__Requirement__
Output each record below exactly as it stands, leaving out the pictures.

__Stored items__
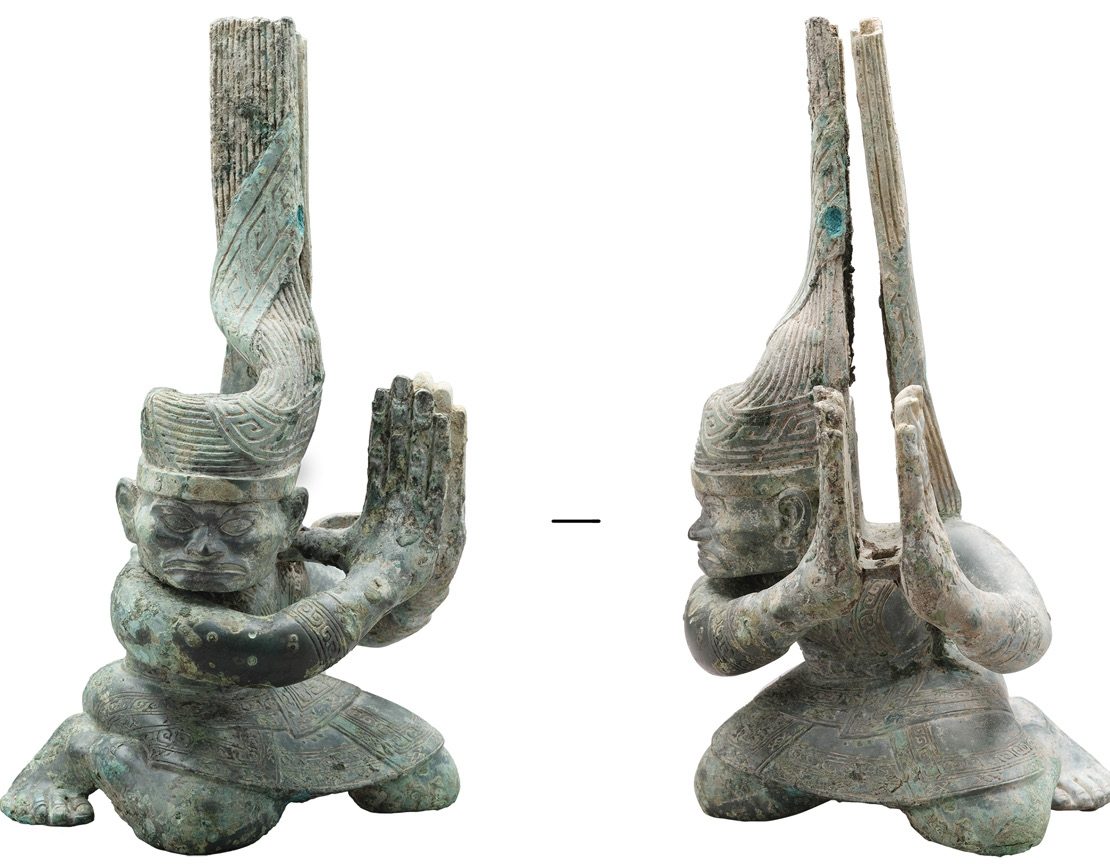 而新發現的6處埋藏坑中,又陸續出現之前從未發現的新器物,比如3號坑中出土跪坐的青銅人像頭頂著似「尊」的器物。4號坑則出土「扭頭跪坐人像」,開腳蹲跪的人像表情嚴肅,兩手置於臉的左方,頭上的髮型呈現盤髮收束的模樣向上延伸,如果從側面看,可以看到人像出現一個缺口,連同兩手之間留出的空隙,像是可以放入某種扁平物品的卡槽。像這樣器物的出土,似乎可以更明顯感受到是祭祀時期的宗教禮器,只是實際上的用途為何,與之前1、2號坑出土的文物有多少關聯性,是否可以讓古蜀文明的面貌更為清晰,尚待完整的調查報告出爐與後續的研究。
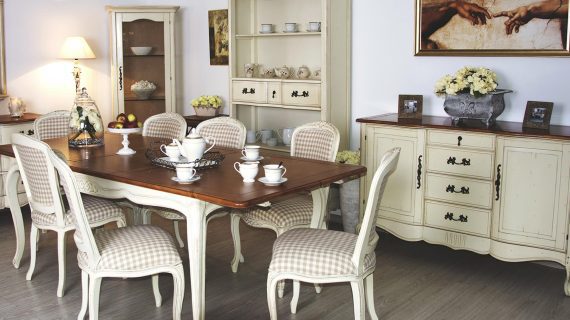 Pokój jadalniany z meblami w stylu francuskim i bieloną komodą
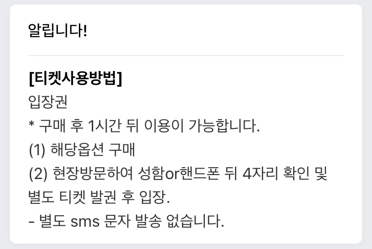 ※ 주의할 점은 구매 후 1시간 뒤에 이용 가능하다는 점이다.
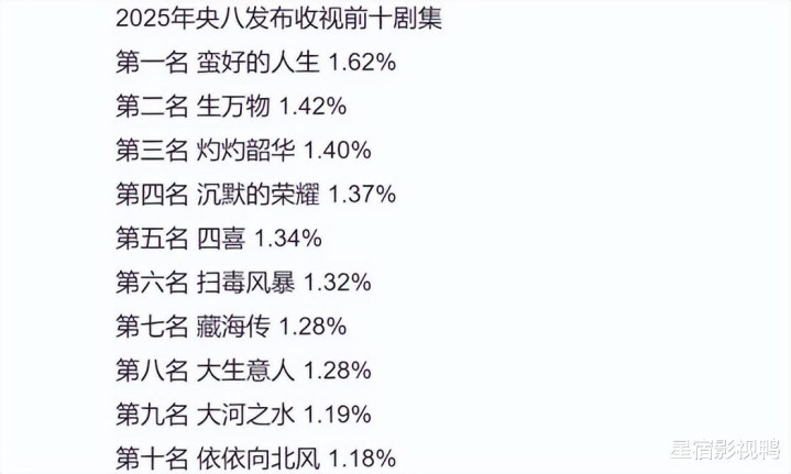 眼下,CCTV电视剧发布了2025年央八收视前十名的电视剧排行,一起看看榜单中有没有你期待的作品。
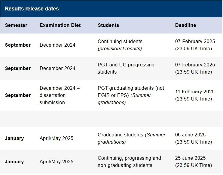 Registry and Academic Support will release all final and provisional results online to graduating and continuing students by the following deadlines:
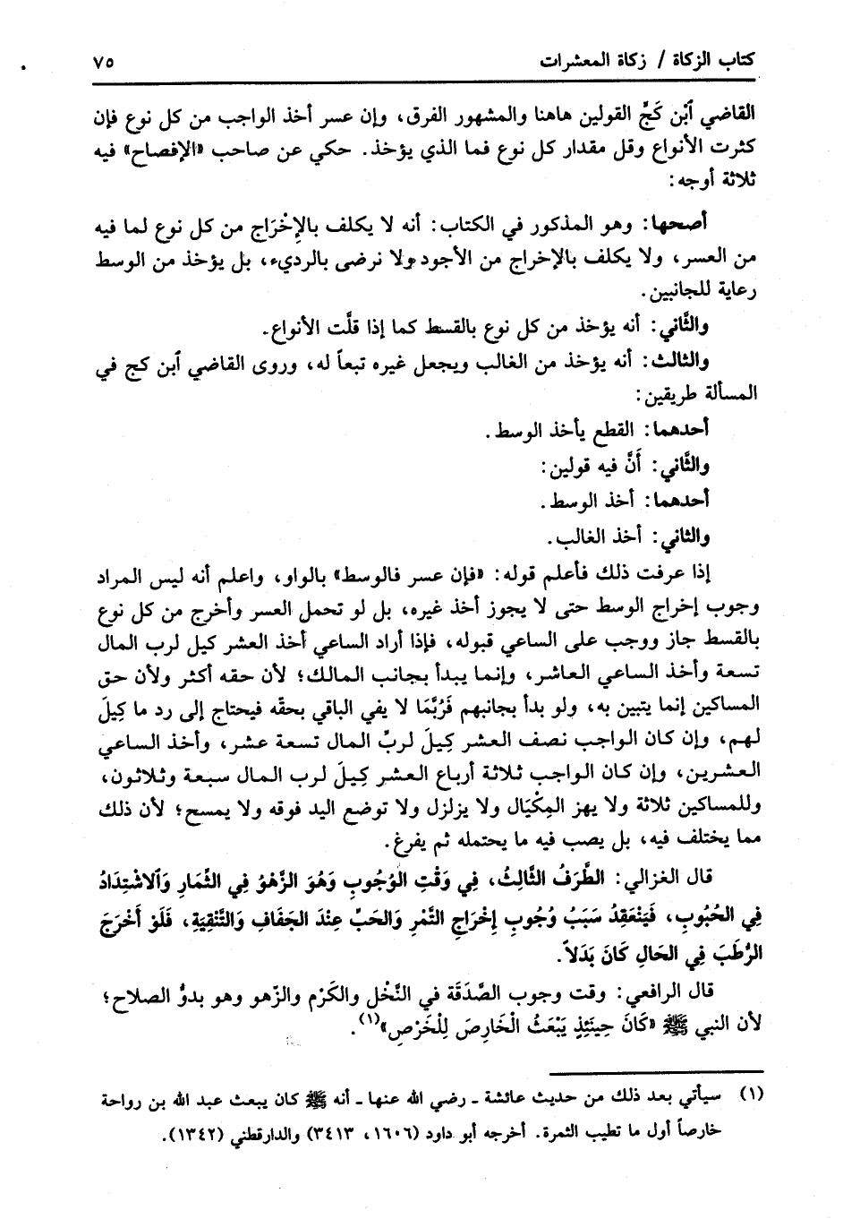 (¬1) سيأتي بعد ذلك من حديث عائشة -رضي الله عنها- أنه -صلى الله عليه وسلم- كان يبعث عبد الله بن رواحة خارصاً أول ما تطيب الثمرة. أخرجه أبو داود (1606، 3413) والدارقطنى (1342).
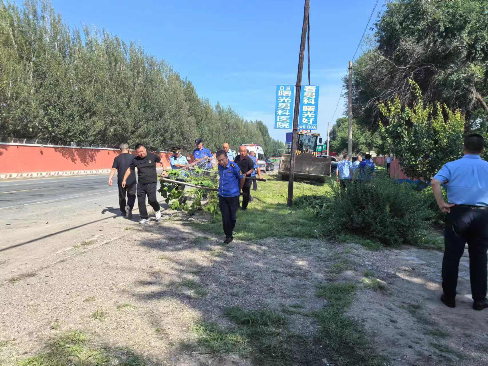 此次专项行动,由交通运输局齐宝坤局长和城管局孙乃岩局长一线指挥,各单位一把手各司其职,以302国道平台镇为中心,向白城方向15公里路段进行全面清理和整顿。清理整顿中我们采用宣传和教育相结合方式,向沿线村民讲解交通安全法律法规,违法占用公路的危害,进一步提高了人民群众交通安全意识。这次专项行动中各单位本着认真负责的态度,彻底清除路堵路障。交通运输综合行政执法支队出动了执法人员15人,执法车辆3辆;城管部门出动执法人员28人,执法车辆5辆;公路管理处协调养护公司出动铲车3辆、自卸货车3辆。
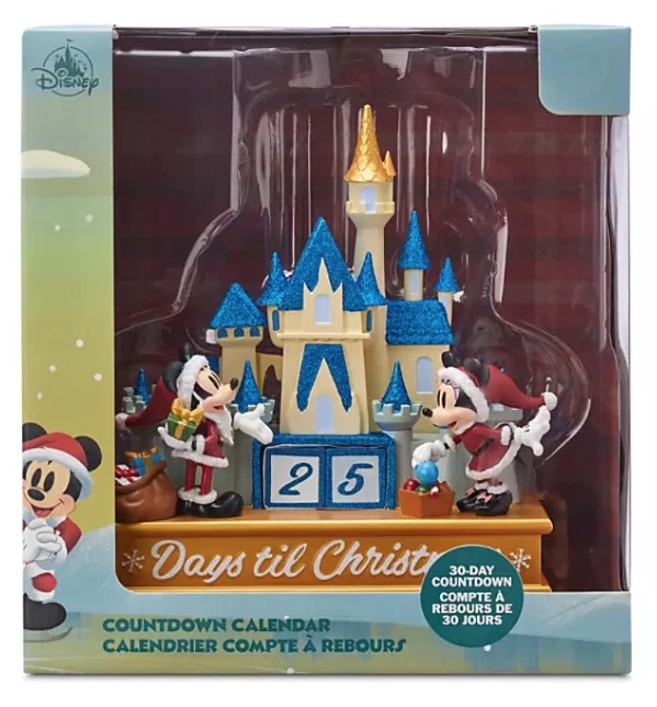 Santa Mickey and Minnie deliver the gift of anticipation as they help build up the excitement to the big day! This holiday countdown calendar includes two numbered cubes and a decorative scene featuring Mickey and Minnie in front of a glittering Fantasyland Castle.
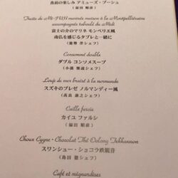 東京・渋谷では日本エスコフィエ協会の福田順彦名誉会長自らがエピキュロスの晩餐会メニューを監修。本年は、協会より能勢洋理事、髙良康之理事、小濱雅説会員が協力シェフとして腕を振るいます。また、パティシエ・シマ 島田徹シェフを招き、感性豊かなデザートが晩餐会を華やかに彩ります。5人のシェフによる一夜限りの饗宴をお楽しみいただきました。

__Task solution__
 而新發現的6處埋藏坑中,又陸續出現之前從未發現的新器物,比如3號坑中出土跪坐的青銅人像頭頂著似「尊」的器物。4號坑則出土「扭頭跪坐人像」,開腳蹲跪的人像表情嚴肅,兩手置於臉的左方,頭上的髮型呈現盤髮收束的模樣向上延伸,如果從側面看,可以看到人像出現一個缺口,連同兩手之間留出的空隙,像是可以放入某種扁平物品的卡槽。像這樣器物的出土,似乎可以更明顯感受到是祭祀時期的宗教禮器,只是實際上的用途為何,與之前1、2號坑出土的文物有多少關聯性,是否可以讓古蜀文明的面貌更為清晰,尚待完整的調查報告出爐與後續的研究。
 Pokój jadalniany z meblami w stylu francuskim i bieloną komodą
 ※ 주의할 점은 구매 후 1시간 뒤에 이용 가능하다는 점이다.
 眼下,CCTV电视剧发布了2025年央八收视前十名的电视剧排行,一起看看榜单中有没有你期待的作品。
 Registry and Academic Support will release all final and provisional results online to graduating and continuing students by the following deadlines:
 (¬1) سيأتي بعد ذلك من حديث عائشة -رضي الله عنها- أنه -صلى الله عليه وسلم- كان يبعث عبد الله بن رواحة خارصاً أول ما تطيب الثمرة. أخرجه أبو داود (1606، 3413) والدارقطنى (1342).
 此次专项行动,由交通运输局齐宝坤局长和城管局孙乃岩局长一线指挥,各单位一把手各司其职,以302国道平台镇为中心,向白城方向15公里路段进行全面清理和整顿。清理整顿中我们采用宣传和教育相结合方式,向沿线村民讲解交通安全法律法规,违法占用公路的危害,进一步提高了人民群众交通安全意识。这次专项行动中各单位本着认真负责的态度,彻底清除路堵路障。交通运输综合行政执法支队出动了执法人员15人,执法车辆3辆;城管部门出动执法人员28人,执法车辆5辆;公路管理处协调养护公司出动铲车3辆、自卸货车3辆。
 Santa Mickey and Minnie deliver the gift of anticipation as they help build up the excitement to the big day! This holiday countdown calendar includes two numbered cubes and a decorative scene featuring Mickey and Minnie in front of a glittering Fantasyland Castle.
 東京・渋谷では日本エスコフィエ協会の福田順彦名誉会長自らがエピキュロスの晩餐会メニューを監修。本年は、協会より能勢洋理事、髙良康之理事、小濱雅説会員が協力シェフとして腕を振るいます。また、パティシエ・シマ 島田徹シェフを招き、感性豊かなデザートが晩餐会を華やかに彩ります。5人のシェフによる一夜限りの饗宴をお楽しみいただきました。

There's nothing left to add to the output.